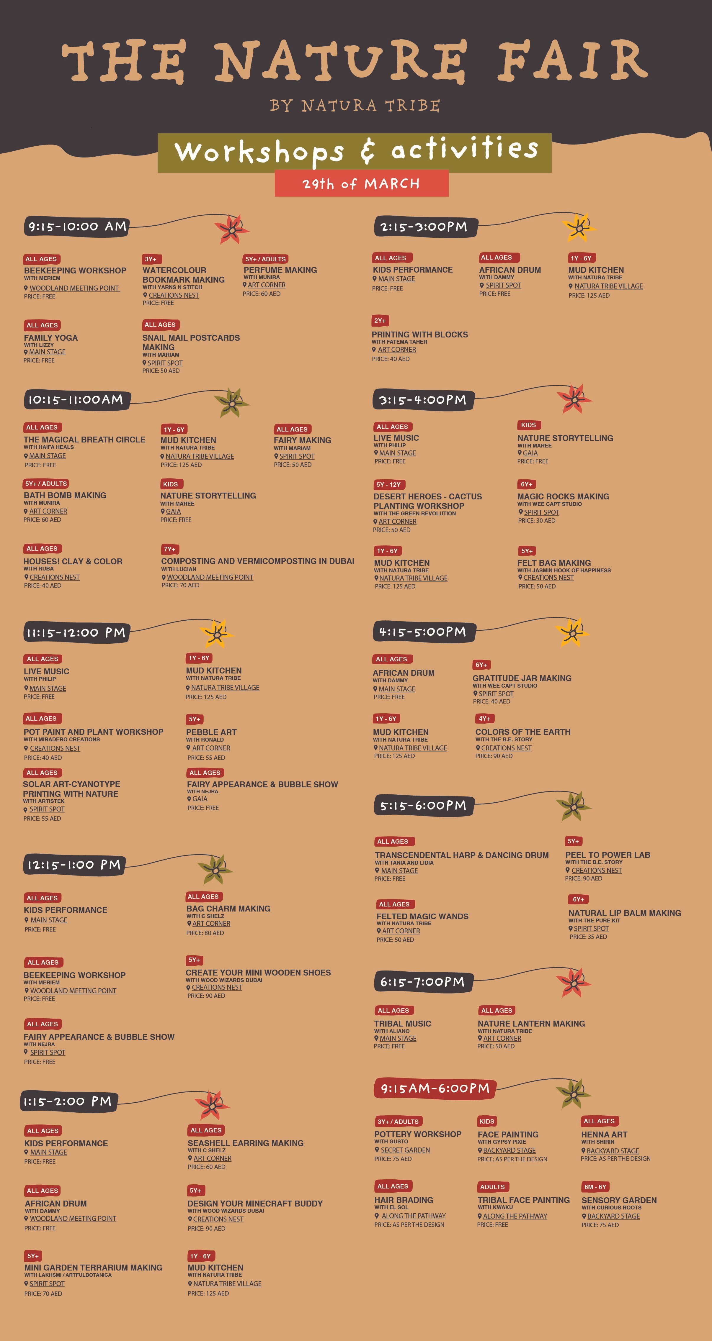 Take Part As visitor: Spend an unforgettable day surrounded by nature with your friends and family at the Nature Fair. This event is perfect for the little ones, allowing them to run freely as they explore the various offerings and activities available. The fair hosts over 50 activities and workshops designed for both kids and adults, all rooted in nature, and all for a nominal fee. Entry to the park is priced at 25 AED per person.
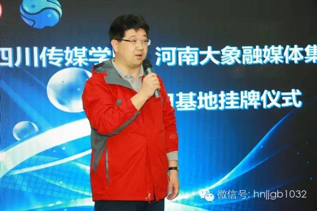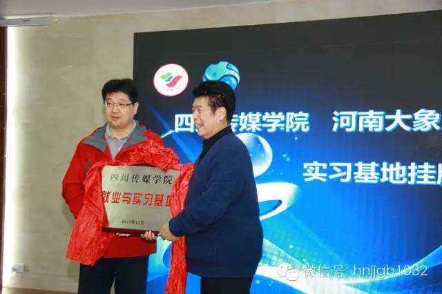 四川傳媒學院副院長王雷、河南大象融媒體集團副總裁李強為“四川傳媒學院·大象融媒就業(yè)實習基地”掛牌。
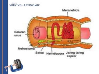 Dokumen ini membahas tentang kelompok hewan invertebrata annelida, termasuk klasifikasi, ciri-ciri, dan sistem tubuhnya. Annelida memiliki struktur tubuh bersegmen, sistem pencernaan yang lengkap, serta mekanisme reproduksi hermaprodit dan seksual. Selain itu, dokumen ini juga menjelaskan peranan annelida dalam ekosistem dan manfaatnya bagi manusia, termasuk dalam bidang kesehatan.
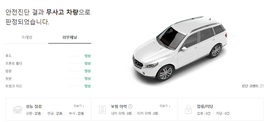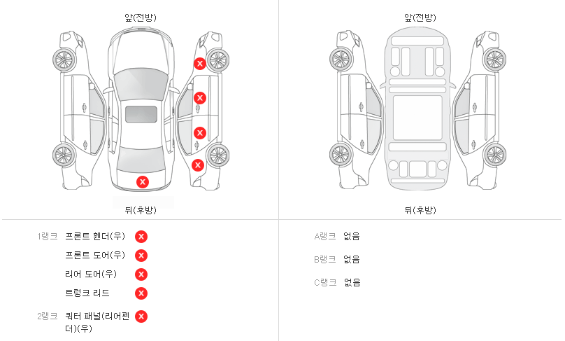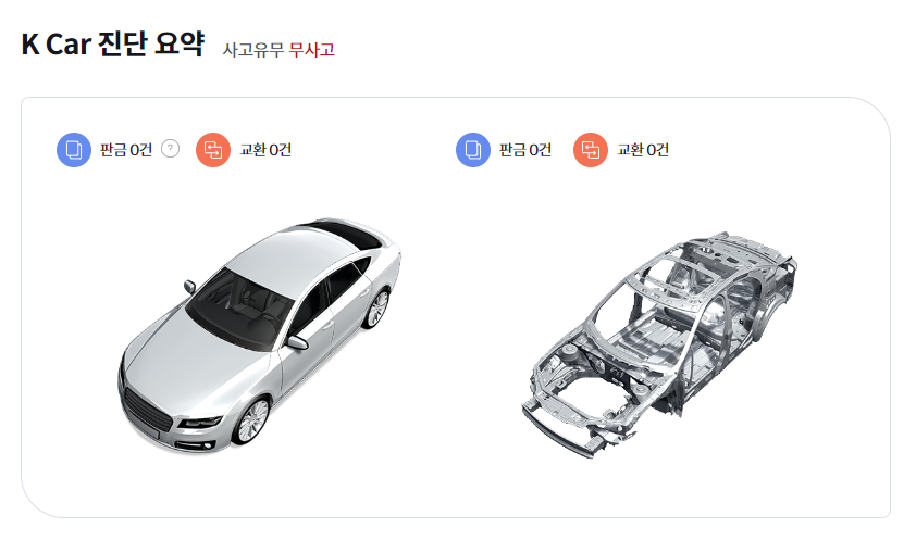 | 보험이력상 사고 | 외부패널 손상/수리 이력 | 프레임 손상/수리 이력 | |
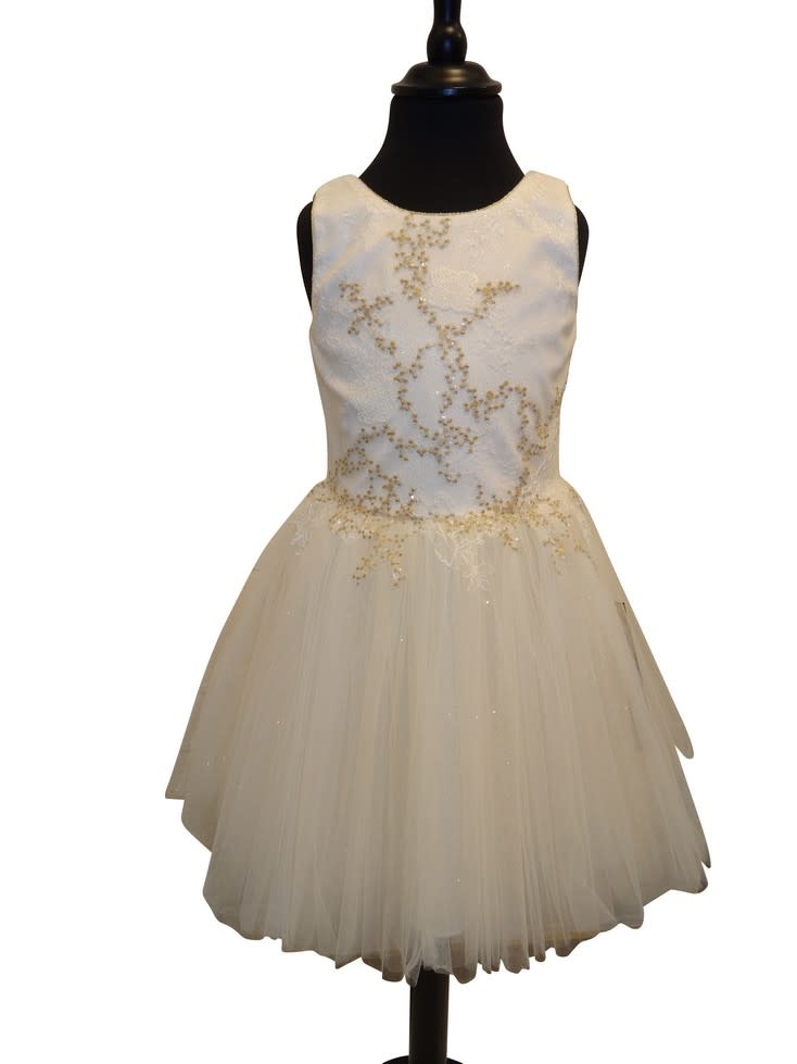Linea Raffaelli 502jurk Ecru Goud Takjes Goud Glitters Tule Onder
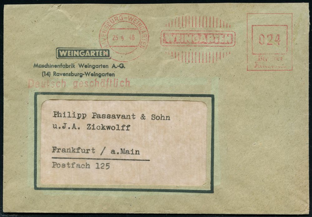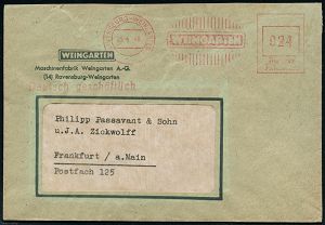 6098 | 22 € | POSTLEITRAUM 7900 (OHNE ULM) : RAVENSBURG-WEINGARTEN/ WEINGARTEN 1946 (25.4.) aptierter AFS Francotyp "Reichsadler" = entfernt = Notmaßnahme! , Firmen-Bf.: Maschinenfabrik Weingarten AG.. (Dü.E-13 J-129o) | ![]() | |

* Action item
Once the pictures are dropped, please print every remaining line of the material verbatim.

* Output of the exercise
 Take Part As visitor: Spend an unforgettable day surrounded by nature with your friends and family at the Nature Fair. This event is perfect for the little ones, allowing them to run freely as they explore the various offerings and activities available. The fair hosts over 50 activities and workshops designed for both kids and adults, all rooted in nature, and all for a nominal fee. Entry to the park is priced at 25 AED per person.
 四川傳媒學院副院長王雷、河南大象融媒體集團副總裁李強為“四川傳媒學院·大象融媒就業(yè)實習基地”掛牌。
 Dokumen ini membahas tentang kelompok hewan invertebrata annelida, termasuk klasifikasi, ciri-ciri, dan sistem tubuhnya. Annelida memiliki struktur tubuh bersegmen, sistem pencernaan yang lengkap, serta mekanisme reproduksi hermaprodit dan seksual. Selain itu, dokumen ini juga menjelaskan peranan annelida dalam ekosistem dan manfaatnya bagi manusia, termasuk dalam bidang kesehatan.
 | 보험이력상 사고 | 외부패널 손상/수리 이력 | 프레임 손상/수리 이력 | |
Linea Raffaelli 502jurk Ecru Goud Takjes Goud Glitters Tule Onder
 6098 | 22 € | POSTLEITRAUM 7900 (OHNE ULM) : RAVENSBURG-WEINGARTEN/ WEINGARTEN 1946 (25.4.) aptierter AFS Francotyp "Reichsadler" = entfernt = Notmaßnahme! , Firmen-Bf.: Maschinenfabrik Weingarten AG.. (Dü.E-13 J-129o) | ![]() | |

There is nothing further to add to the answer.